Amnesty International | January 7th, 2010


Leaving Fear Behind – documentary by
Dhondup Wangchen

Amnesty International has urged the Chinese authorities to release a Tibetan documentary filmmaker who has been jailed for six years for “subversion”.

Dhondup Wangchen was detained after making the film Leaving Fear Behind, in which Tibetans speak out about their lives.

He was sentenced on 28 December 2009 following a secret trial in Xining city, western China. Amnesty International considers him a prisoner of conscience.

“All Dhondup Wangchen wanted to do was to give a voice to those who 'are like stars on a sunny day, we can’t be seen', according to one of the people he interviewed for the film. This is not a crime,” said Roseann Rife, Amnesty International Asia Pacific deputy director.

Dhondup Wangchen was detained in March 2008. Police held him at Gongshan Hotel, an unofficial place of detention or “black jail”, for part of his detention period.  Police tied him to a chair, beat and punched him in the head and frequently deprived him of food and sleep during interrogations. Dhondup Wangchen suffers from Hepatitis B, for which he has not received any medical treatment.  

“His treatment and the harsh sentence he was given following an unfair trial shows the Chinese authorities' complete disregard for international human rights standards,” Roseann Rife said.
 
He was later moved to Xining City No. 1 Detention Centre. He was held incommunicado until April 2009, when he met his family-appointed, Beijing-based lawyers for the first – and only – time. In July 2009, Beijing judicial authorities forced these lawyers to drop the case.

It is unclear if he subsequently had any legal representation or was allowed to defend himself in the trial.

Dhondup Wangchen's family has not received information directly from the court about the trial, sentence or verdict.

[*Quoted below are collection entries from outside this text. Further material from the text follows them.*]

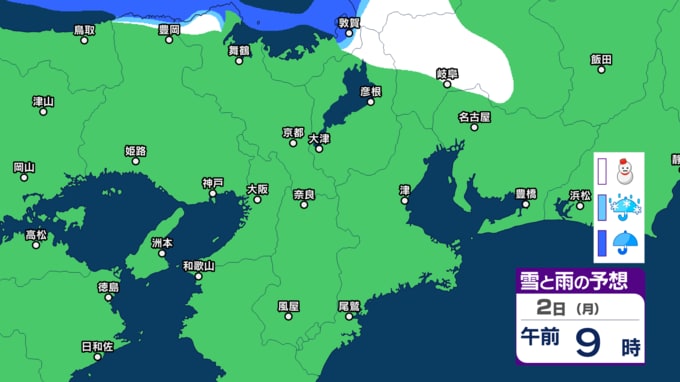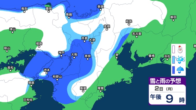【関西の雪】近畿地方(大阪・京都・神戸・滋賀・奈良・和歌山)の雪雨シミュレーション【気象庁/31日】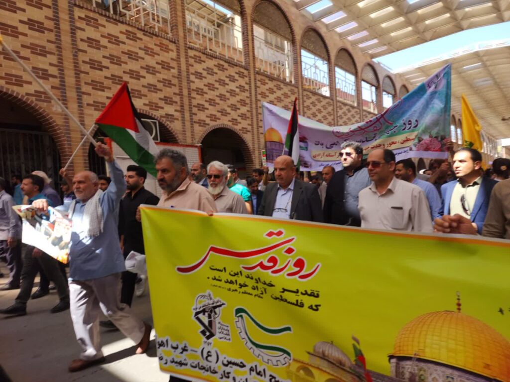 گامها آرام، اما استوار برداشته میشد و نجوای یکصدای «اتحدوا اتحدوا»، زیر پرچم سه رنگ ایران و بیرقهای زرد حزبالله، تماشایی بود. در آخرین جمعه ماه مبارک رمضان، همه آمده بودند؛ پدری دست در دست فرزند چند سالهاش به سمت وعدهگاه حرکت میکرد. مادرانی با کودکانی در آغوش، همقدم با خانواده، به سیل جمعیت پیوستند و در هوای بهاری اهواز، در میانه جنبش پرچمها و مشتهای گره کرده، نمایی از اتحاد علیه رژیم غاصب را به تصویر کشیدند.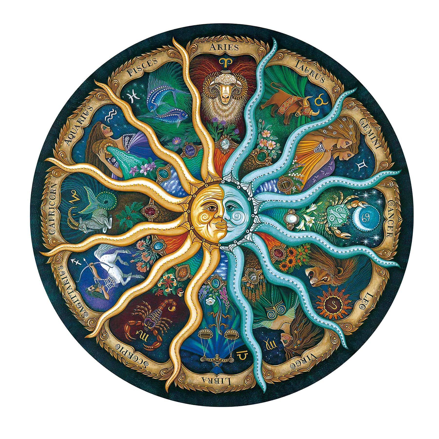 Looking For A Puzzle That Will Transport You Into The Mystical Realms Of Astrology? Look No Further Than Our Mystical Zodiac Horoscope 1000-Piece Jigsaw Puzzle. Whether You'Re A Puzzle Enthusiast Or A Beginner, This Mind-Bending Puzzle Will Captivate You From Start To Finish. Created With Utmost Attention To Detail, Each Piece Of This Round Puzzle Fits Together Flawlessly To Form A Stunning Astrological Masterpiece. Challenge Yourself As You Piece Together The Intricate Patterns And Symbols Representing Each Zodiac Sign. Allow The Calming And Meditative Process Of Puzzle-Solving To Ease Your Mind And Reduce The Stresses Of Everyday Life. This Zodiac Horoscope Puzzle Is Not Just For Adults, But Also For Kids Who Want To Engage In A Fun And Educational Activity. It Stimulates Their Imagination, Concentration, And Observation Skills, While Also Helping To Enhance Memory And Focus. Unleash Your Inner Stargazer And Embark On A Celestial Journey With Our Mystical Zodiac Horoscope 1000-Piece Jigsaw Puzzle. Get Ready To Be Amazed By The Magic Of The Stars And The Satisfaction Of Completing This Mesmerizing Puzzle. Order Yours Today And Experience Mind-Bending Fun Like Never Before!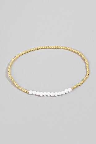 This elegant bracelet features a delicate pearl beaded design and is dipped in 24 karat gold for a luxurious touch. The pearls add a timeless and sophisticated element, perfect for dressing up any outfit. Enhance your style with this high-quality bracelet that exudes elegance and class.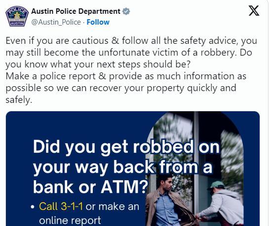奧斯汀警方在社交媒體推特上發文說,居民被搶劫后可以撥打311或進行線上報告。311是一個通常用于非緊急投訴的號碼。奧斯汀警察局寫道:“即使你很小心并遵循了所有安全建議,仍然有可能成為不幸的搶劫案受害者。報警時提供盡可能多的信息,這樣我們才能快速追回你的財產。”警方還建議在撥打311時提供具體銀行,注明取錢的日期和時間。
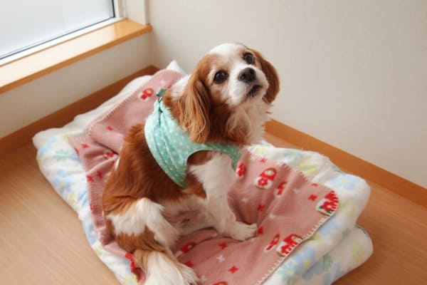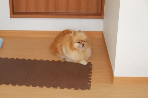 窓の近くに布団も敷いてあって、少しだけそこで座ってみたもののやっぱり床の上に座るモコちゃん。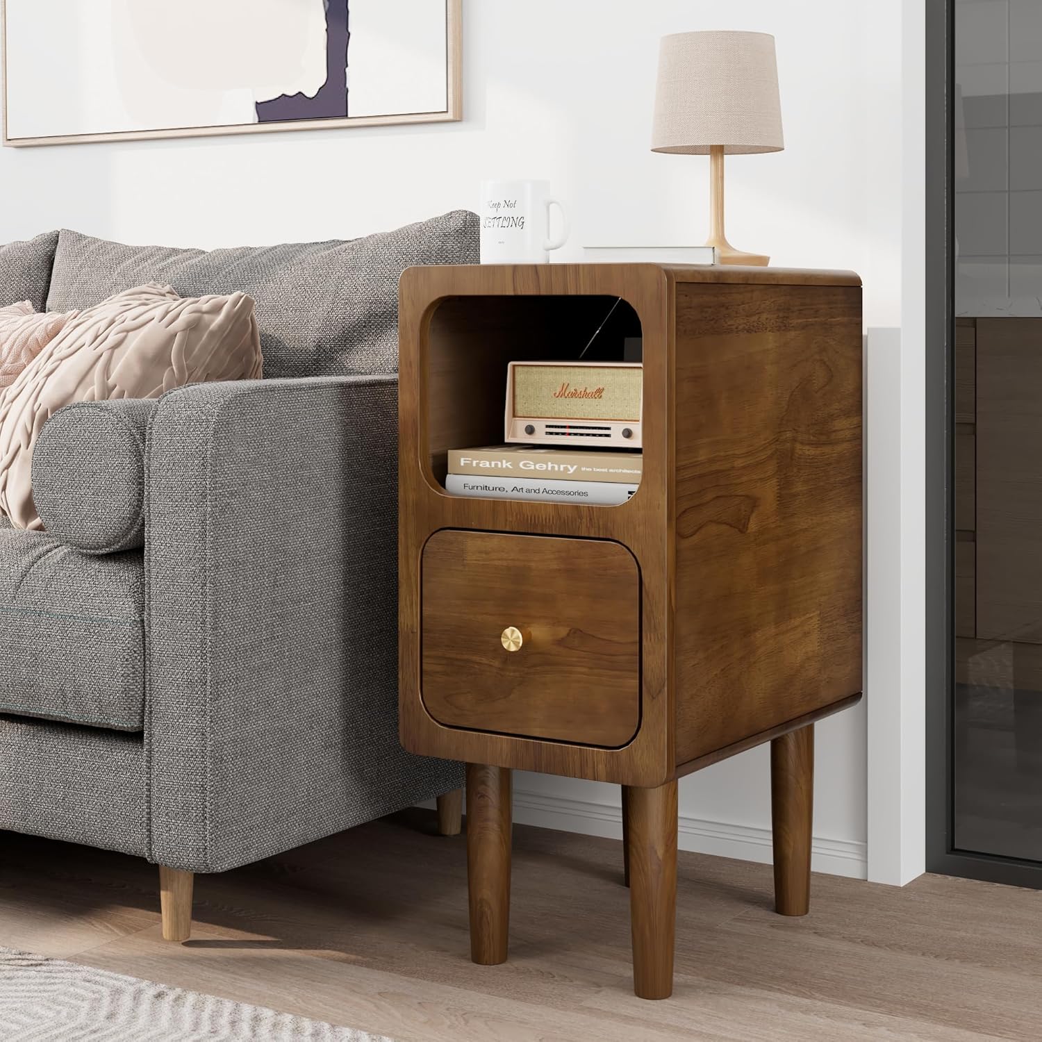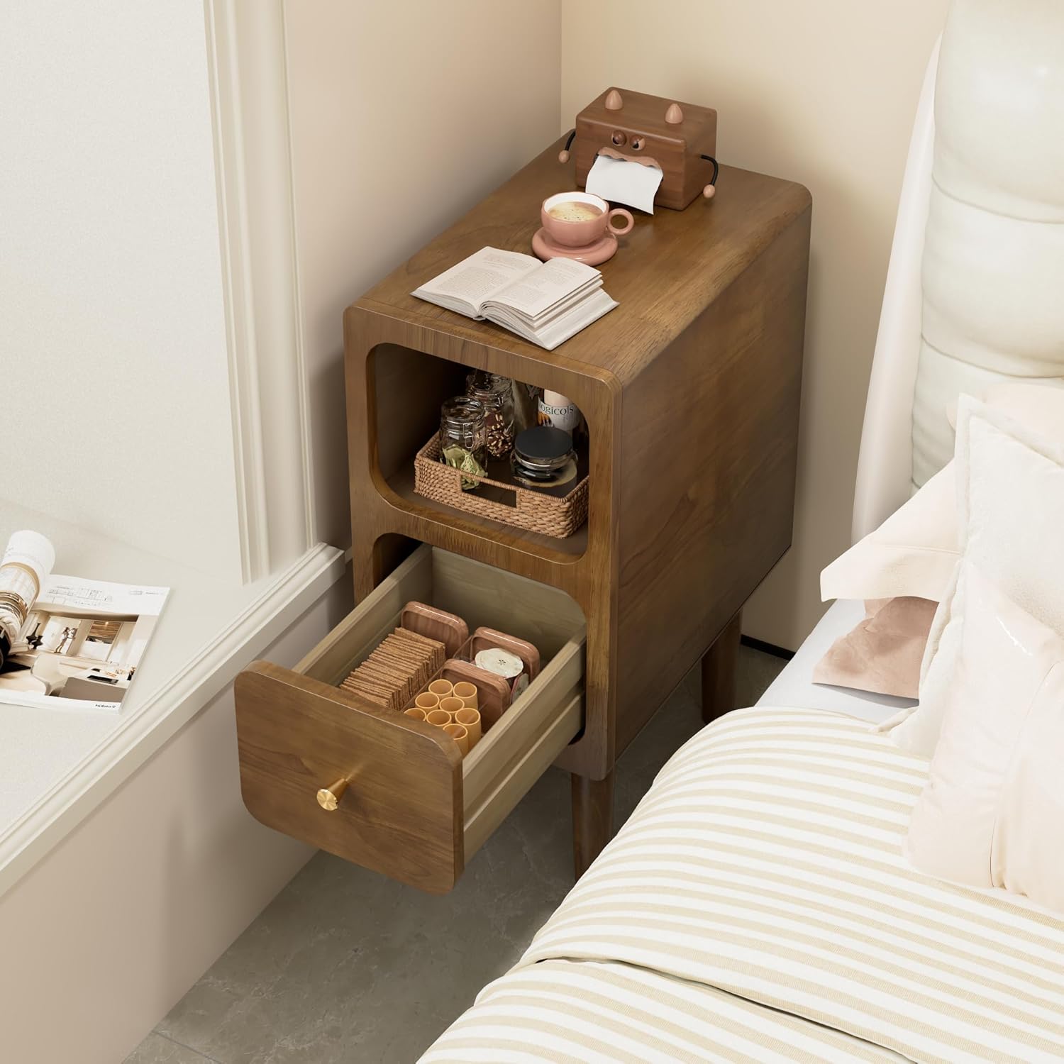 Narrow Nightstand, Solid Wood Night Stand with Drawers, Walnut Mid Century Modern Nightstand, Small Beside Table with Open Storage Shelf for Bedroom (10 inch)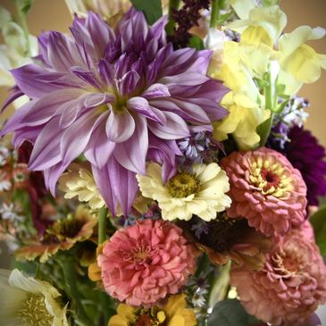 The third 4 week session of the 2025 CSA include large bouquets with seasonal flowers and premium lisianthus and dahlias. Other flower varieties include zinnias, ornamental grasses, Queen Anne's Lace, Euphorbia and more.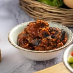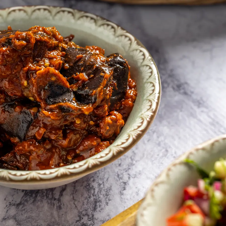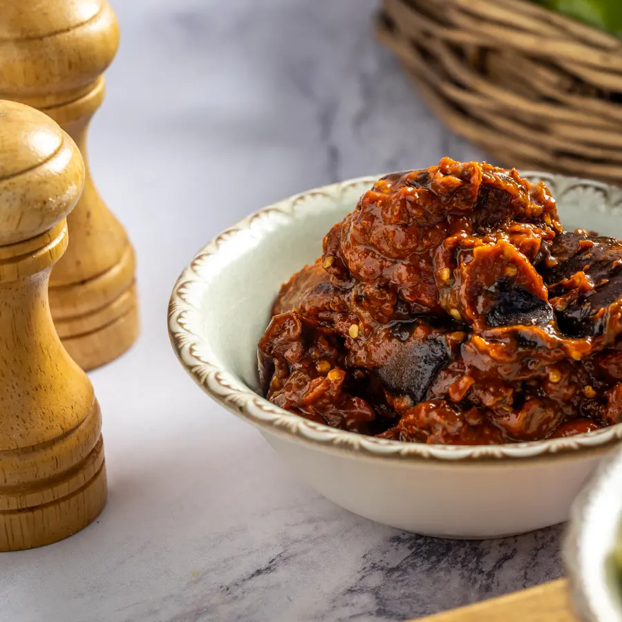 חציל קלוי ומעוך עם תערובת של פלפלים חריפים, ...

They have visited the detention centre several times but have never been allowed to see him.

Dhondup Wangchen began planning the film in 2006; he explained his motives by saying: “It is very difficult [for Tibetans] to go to Beijing and speak out there. So we decided to show the real feelings of Tibetans inside Tibet through this film.”

In October 2007, he began collecting interviews from over 100 Tibetan people. In the film, they talked about their lives and their views on the Dalai Lama and the upcoming Beijing Olympics.

The footage was smuggled out of the country to Switzerland, where Dhondup Wangchen's cousin edited it down to a 25-minute documentary. It premiered in a screening to foreign journalists in a Beijing hotel on the eve of the Beijing Olympics. Security forces interrupted the screening.